I started to think that the way coaching work now out there is a little bit messed up. Most coaching is focused on the actions that one should take in order to reach their goals. I thought, what would happen if instead of focusing on the actions that people take, I could focus on the way they think and how their thinking affects the results. So that led me to start Frame of Mind Coaching.

And so, that’s what I do now. I own a coaching company. I have a team of coaches that work for me. We coach a specific type of person. I’m really interested in coaching highly driven, highly motivated individuals who have very, very big dreams and goals. Those are the people that we coach.

Jeff:  Okay.

Kim:  And it’s not a surprise that we tend to coach people who also don’t quite fit in to the corporate structure or the corporate environment.

Jeff:  Okay. Okay. So what are some of the things that comes up, that typically come up for these people that you coach?

Kim:  Yeah. I tend to coach people who are very driven, who are in this corporate position who just don’t fit there. Like, they experienced a lot of friction, a lot of tension, a lot of conflict. They feel like they’re not seen for their contribution and also their overall look but they’re misunderstood quite a bit. It tends to be that I work with these people who have real vision, real genius, real ability brilliance you could say, and that brilliance isn’t coming to life in those environment. So those are the people I coach.

And so what I see is that the way they perceive what’s happening in front of them. So what would I try to do is try to understand what their beliefs are about what’s happening. I help them make adjustments. I also help them really get in tuned with what their values are and what their passions are and what they ideally want to do. Sometimes we find that people stay in corporate environment just because they’re scared to leave or they don’t know that it’s possible to leave and start something new or they have all these preconceived notion on what it takes to start something new.

Jeff:  Interesting. What are some of those preconceived notions that people have about what it takes to start something new?

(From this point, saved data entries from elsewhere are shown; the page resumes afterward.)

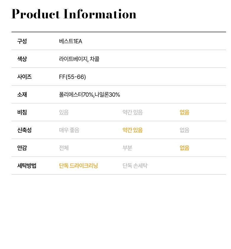 1. 제품 소재 (섬유의 조성 또는 혼용률을 백분율로 표시, 기능성인 경우 성적서 또는 허가서) | 폴리에스터70%,나일론30% |
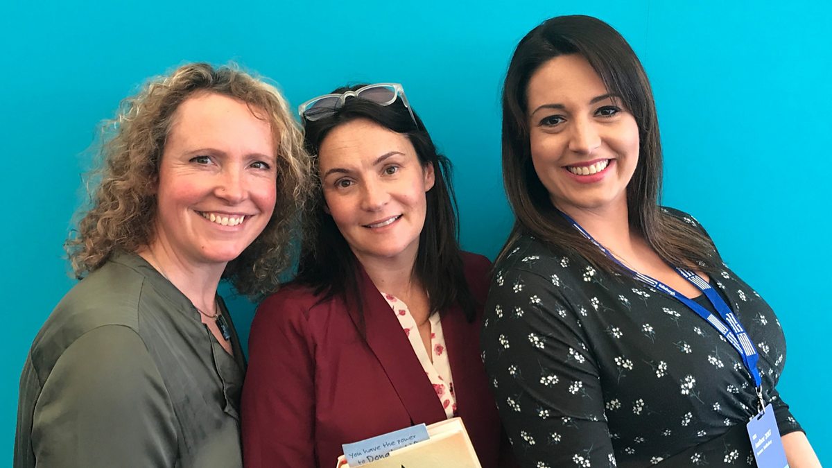 Pennie Latin discusses child tissue donation with mother Sarah Gray and Joanne Mullarkey of the University of Bradford.
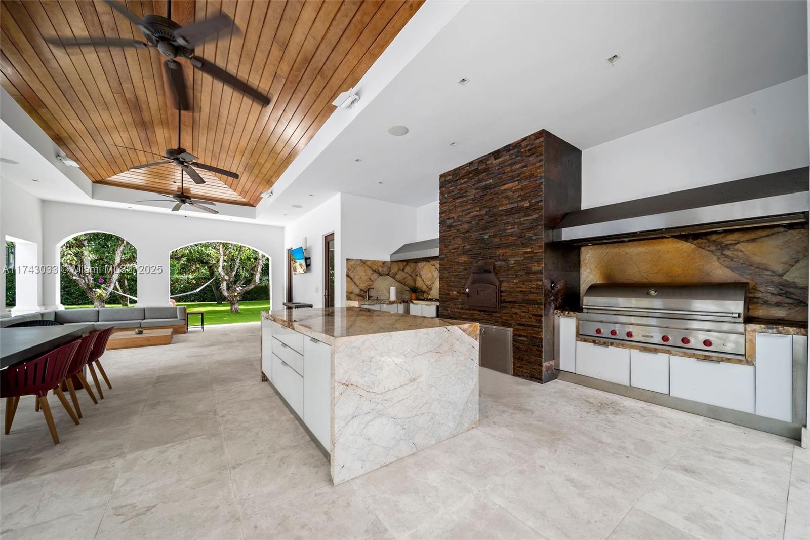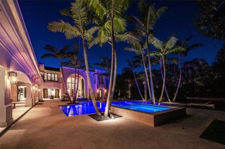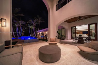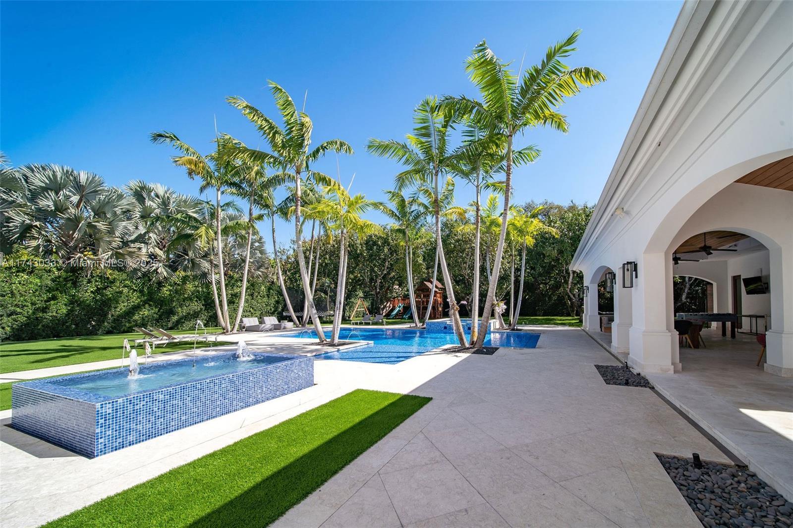 Opulent Oasis of Stritter Estates - as functional as it is beautiful. Gated smart home exudes sophistication at every turn. Lots of natural light permeates through oversized windows into an open floor plan, inviting you to enjoy SoFL living! Hold court in the majestic chef’s kitchen and family room that seamlessly integrate with the idyllic grounds. Entertain in style with the state-of-the-art movie theatre/bar, fully-equipped gym, and multiple ensuite bedrooms with walk-in closets and access to private terraces. The grand covered outdoor patio is an entertainer's dream, with elegant arches, built-in fans, and recessed ceilings. Enjoy the ivy wall, outdoor kitchen, and a gas fire pit while taking in the breathtaking view of the fountain, saltwater pool/spa & turfed area w/playground.
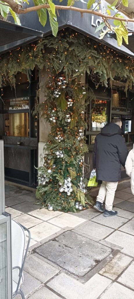 ⌈ Continuing our walk along the pedestrian street of Agia Sophia, we turned onto Agia Theodora to reach V. Irakliou Street. Opposite Odeon Square, two huge Christmas trees dominate, while a little further on, after the height of Aristotelous Street, we saw bitter orange trees (if they are any other citrus tree, forgive us!) decorated with Christmas decorations, among the orange fruits!⌋
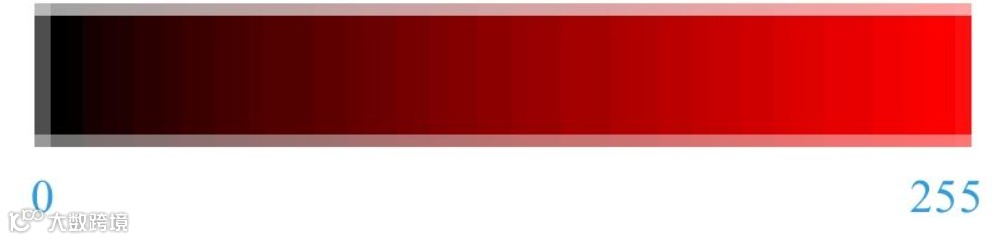 每种颜色就可以对应有0~255一共256级的亮度。例如,对于红色,亮度值从0~255。
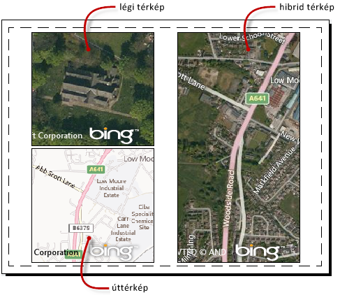 A térképet műholdfelvételként (légi stílusú térkép) vagy vektorképként (út stílusú térkép) jeleníti meg. A térképet a légi és az út stílusú képek keverékeként is megjelenítheti. Ha a rajzterület több nézetablakba van felosztva, akkor mindegyik nézetablaknak lehet saját térképstílusa.
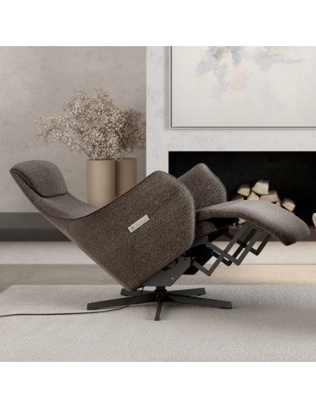 Redefine tus momentos de descanso con la Butaca Relax Karen. Esta sofisticada butaca giratoria 360º tapizada, que une tecnología y diseño en una sola pieza. Gracias a su relax eléctrico, podrás ajustar la inclinación fácilmente con solo pulsar un botón, alcanzando la posición Zero Gravity, pensada para mejorar la circulación y aliviar la presión corporal. Su tapizado envolvente brinda una experiencia cómoda y ergonómica, ideal para el relax diario. La pata metálica negra le da estabilidad y un aire moderno, mientras que el puerto de carga USB integrado permite mantener tus dispositivos siempre conectados sin moverte del asiento. Perfecta para salones contemporáneos, despachos o rincones de lectura.
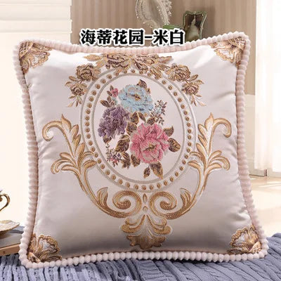 Flowers Embroidery Cushion Cover Embossed Pillowcases Bead String Jacquard Cushion Covers for Living Bedroom Home Decor 48x48cm
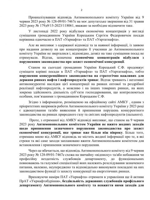Суміщення паном Сергієм Корецьким посад керівника Укрнафти і Укртатнафти відбулося з порушенням конкурентного законодавства. Як на це відреагував Антимонопольний комітет України – повідомив мене, що заява про надання такого дозволу до АМК не надходила і в майбутньому Комітетом будуть вжиті, заходи якщо порушення таки буде встановлено.
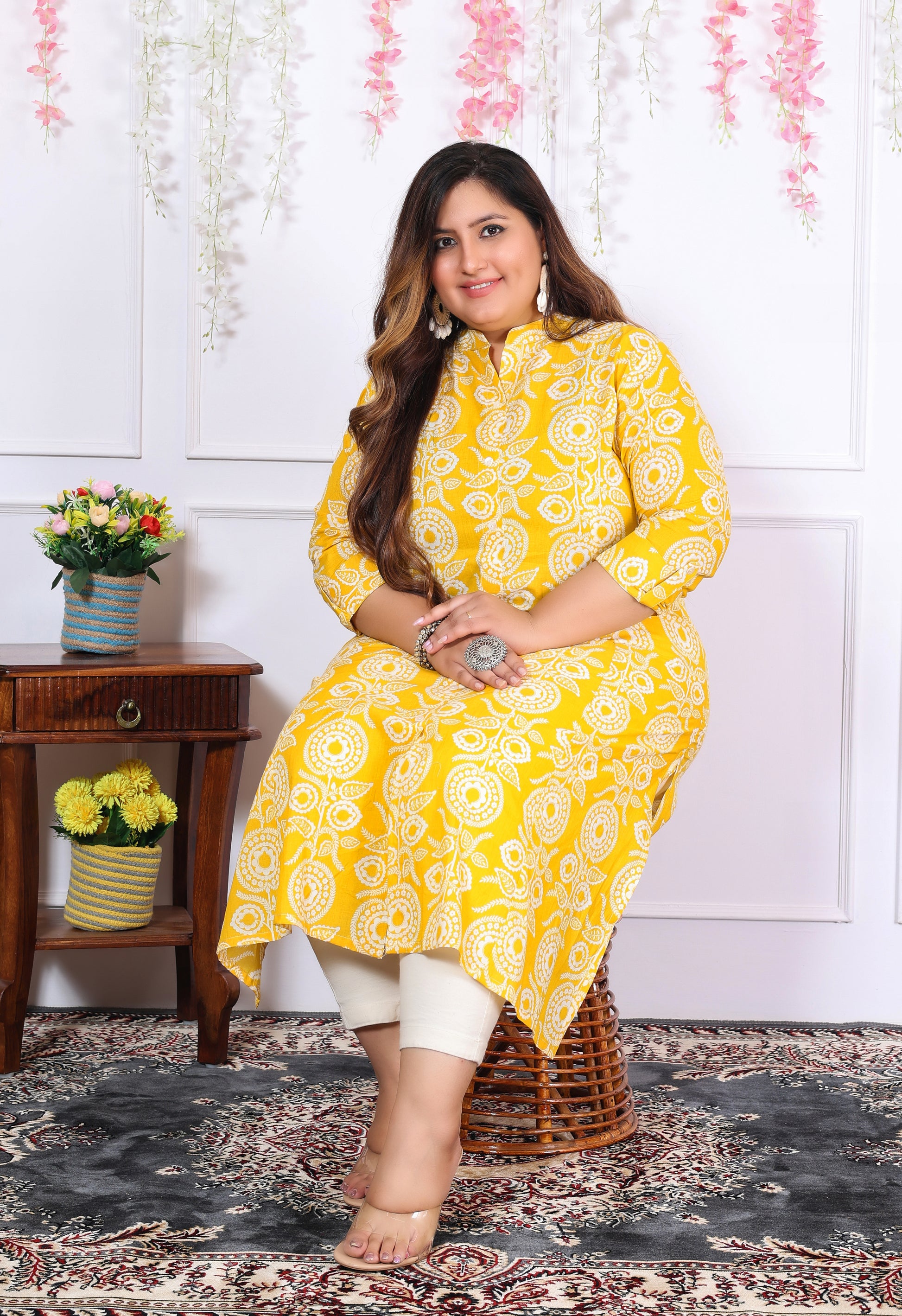 Women Printed Cotton A-line Kurta (B06-Yellow)

Kim:  Well, what I found out the games a lot is that you have to have all your stocks lined up in a row before you can hit the go button. So I see the people believe they need millions of dollars of investment funds before they can leave. And I see that of course they have fears related to leadership and being able to pull it all together. They fear that they lack resources. And they also fear that they won’t be able to sell their idea.

Jeff:  And then you said something interesting. You said that unlike most entrepreneurs, you actually like sales. Most people just like you said, they want to start a business and that’s a lot of our listeners. They’re terrified of selling. They’re terrified asking people for money. How do you like it? In other words, how can you like it? How is it possible to like something that’s so scary?

Kim:  Well for me, to begin with, getting a “no” doesn’t feel personal. Like, it doesn’t affect me. Right? It’s not a reflection of who I am or my intelligence or anything. So the no’s don’t bother me. That’s first off.

Second of all,  because I’m a coach, because this is what I do, I know that my goal isn’t necessarily to close a sale, but it’s to add value and add a contribution to every single conversation. And if that’s my goal and I’m hitting my goal every single time, I know that when I do that, the likelihood of a sale unfolding is dramatically higher.

So for me, I mean, I love the conversation. I love helping people see how I can help them and what the process is and why that process is so powerful. And to be honest, when you’re selling, you’re not even coaching at that point yet. You’re not even delivering anything so the figure is quite low in a sales environment.

When I coach people, I want them to experience the transformation but when I’m selling them, I’m only helping them to see the possibility of transformation. And so, I don’t know. I can’t explain it but it’s just…it’s an easier conversation. I’m just sharing with them what’s possible for them.

Jeff:  That’s cool because that’s really kind of the key to sales is just showing the potential client what’s possible and how you might be able to help them with that, and interesting thing you say is like when the pressure’s really on is after you’ve gotten a client and it’s time to deliver.

Kim:  That’s right. That’s right. That’s when you’re going to put your money where your mouth is. You’ve got to be attentive and deliver the – you have to exceed their expectations. You have to deliver beyond what they expect. And so, it’s not that that’s a pressure. It’s not because this is what we do for a living. And in comparison, there’s no pressure.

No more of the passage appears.